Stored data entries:
>>>>>

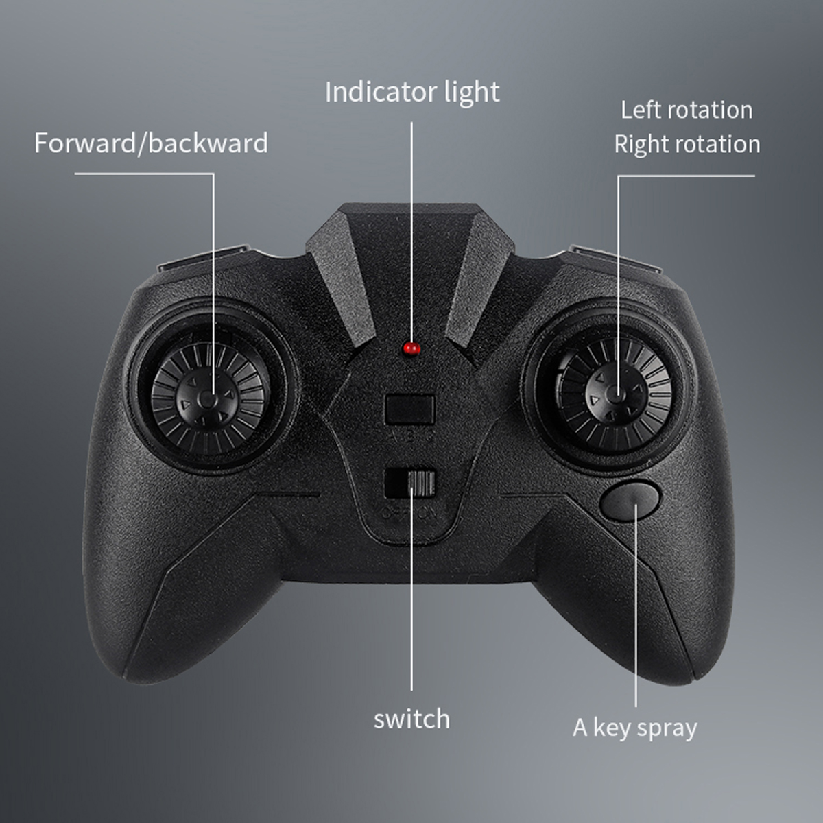 -- 2.4G 5-pass remote control, forward and backward, left and right rotation, flip drift, lights, one key spray;
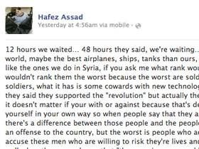 “Qafqazinfo” xəbər verir ki, Hafiz Əsəd özünün facebook səhifəsində ABŞ-ı tezliklə Suriyaya hücum etməyə çağırıb:
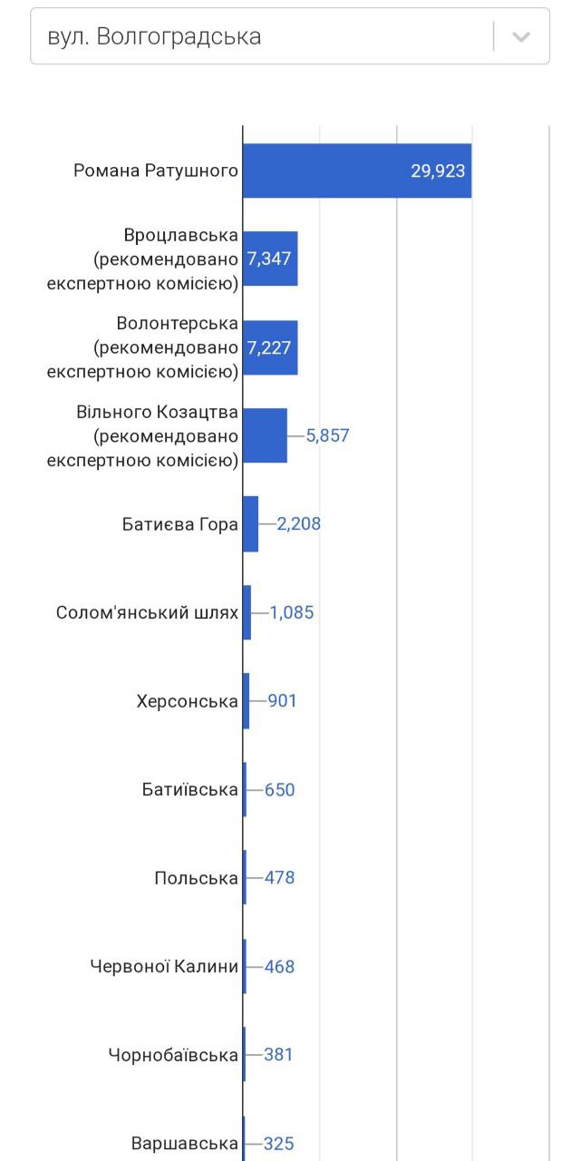 Улицу Волгоградскую - в честь погибшего на войне 24-летнего активиста Романа Ратушного. За вариант с Ратушным отдали рекордное количество голосов - почти 30 тысяч. Это самый высокий показатель в голосовании за дерусификацию киевских топонимов. Причем этот вариант не был в списке рекомендованных комиссией.
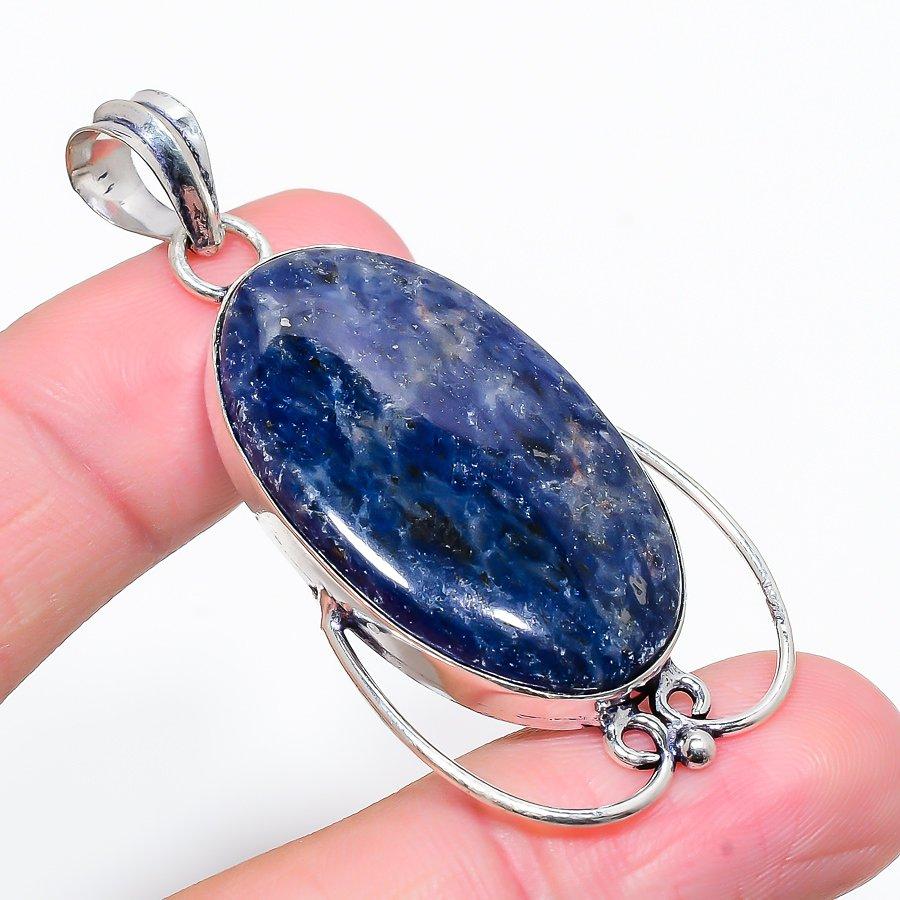 Sodalite Gemstone 925 Sterling Silver Jewelry Pendant 2.32" I6V70
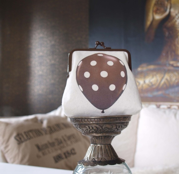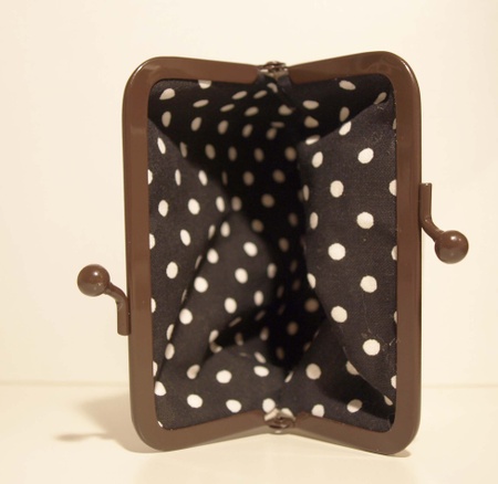 Portemone sydd i bomullstoffmed påstrøket motiv.Foret med sort stoff med hvite prikker vliselin mellom lagene.Veskelås av messing, måler 10,2 cm.Portemone målerpå det bredeste: 12 cmhøyde : 13 cm

<<<<<

#### PROBLEM REQUIREMENTS
Please give again the entries word for word, starting at the first line and ending with the line that contains "verir ki, Hafiz"; include both of those lines but none of the pictures.

#### WRITTEN REPLY
 -- 2.4G 5-pass remote control, forward and backward, left and right rotation, flip drift, lights, one key spray;
 “Qafqazinfo” xəbər verir ki, Hafiz Əsəd özünün facebook səhifəsində ABŞ-ı tezliklə Suriyaya hücum etməyə çağırıb:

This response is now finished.